Tolly and Harris, the children of identical twins, looked enough alike to be siblings. They practiced law together and were closer than most brothers and sisters.
Tolly laughed. “We’ll just see if he gets to play.”
“But the rest of you?” Missy looked from Lanie to Lucy. “You’ll be at our party?”
“Yes,” Lanie said.
“Of course,” Lucy said but it might be a lie. Depended on how Brantley was acting.
“Missy,” Tolly said, “I do appreciate that you are willing to uproot your whole family and come to Tuscaloosa for Thanksgiving. I know turkey in a restaurant is no one’s idea of a great Thanksgiving.”
Missy shrugged. “Kirby’s not allowed to leave until the game is over. The Bragg/Lee/Harris contingent does what it needs to. But I am bringing pies. We are having homemade pie, even if we have to eat it in our hotel rooms, right in bed.”
Relieved for the change of subject, Lucy jumped in. “What about the Heaven/Avery contingent? What are your Thanksgiving plans?”

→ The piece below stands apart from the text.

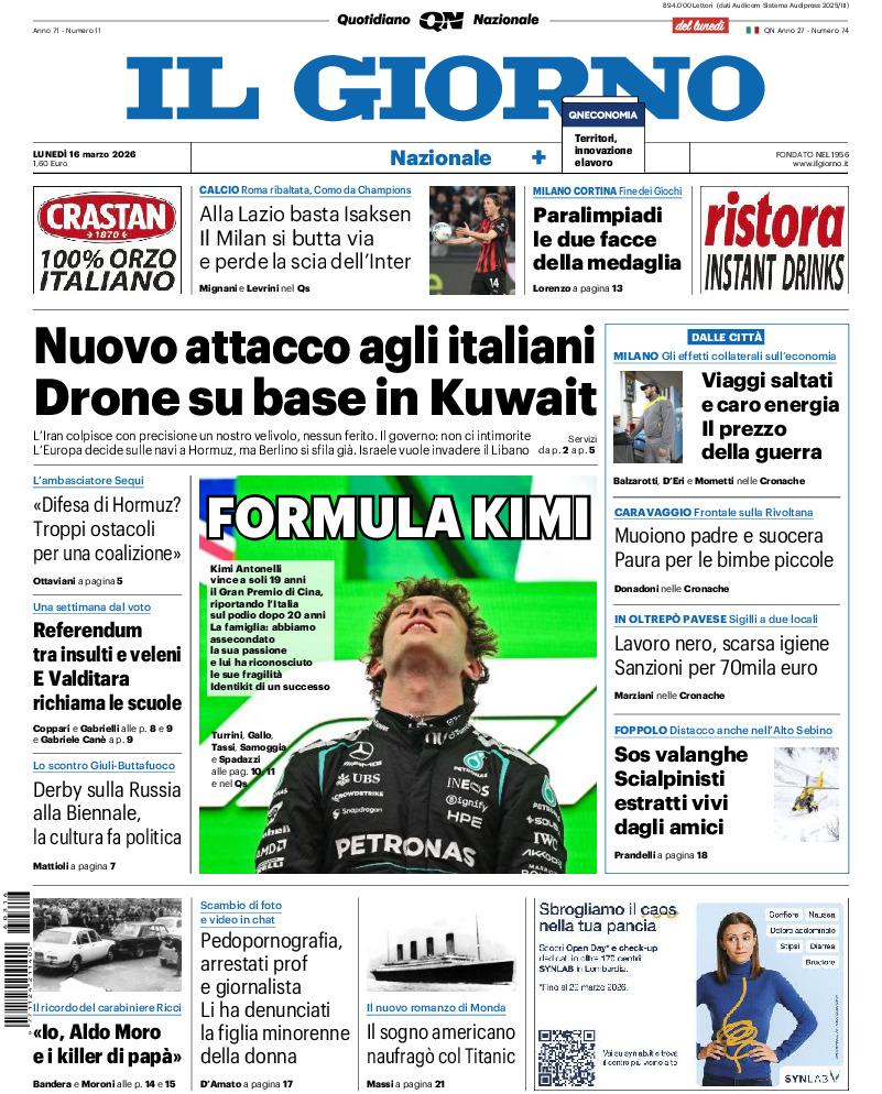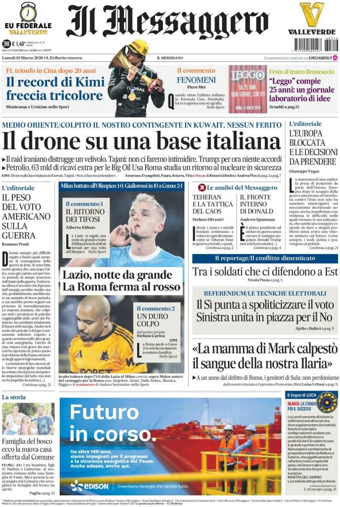 Le prime pagine dei quotidiani italiani e stranieri di oggi, lunedì 16 marzo

Lanie smiled a sleepy smile. “Everyone is coming. My family, Luke’s parents, of course. Luke’s sister, Arabelle. We haven’t seen her since she got back from that Doctors Without Borders stint. Oh, and Luke’s cousin Sheridan and her husband. They’re bringing the baby they adopted last year, so John Luke will have a playmate.” She laughed. “As much as a ten-month-old and eight-month-old can play together.”

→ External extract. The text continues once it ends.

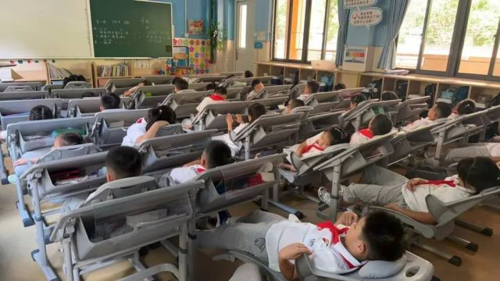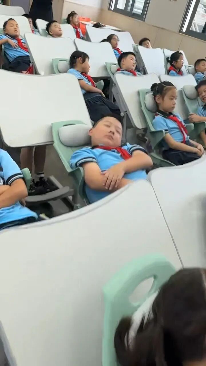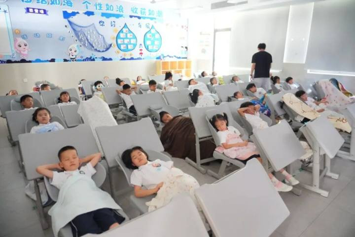 比如杭州市澎博小学新一年级也采购了新桌椅,但并不是躺睡椅。因为学校从上个学期综合考虑场地、成本、舒适度等因素,尝试推出了“躺平午睡”——让学生在教室里用折叠睡垫配套睡袋的形式午睡。

“That’s a lot of people, even for that big farmhouse,” Tolly said. “Are you cooking for all those people?”
“It will be a combined effort.” Lanie turned to Lucy. “How about you? I assume you’re parents aren’t coming back from Tibet. Are you going to those cousins in Charleston?”
“No.” And Lucy was thankful for it. It was a long drive and none of those people were anywhere close to her age. “It’s just Annelle and me this year.”
There were audible gasps from everyone in the room.
“No!” Lanie said. “You and Annelle come be with us at the farm. You have to.”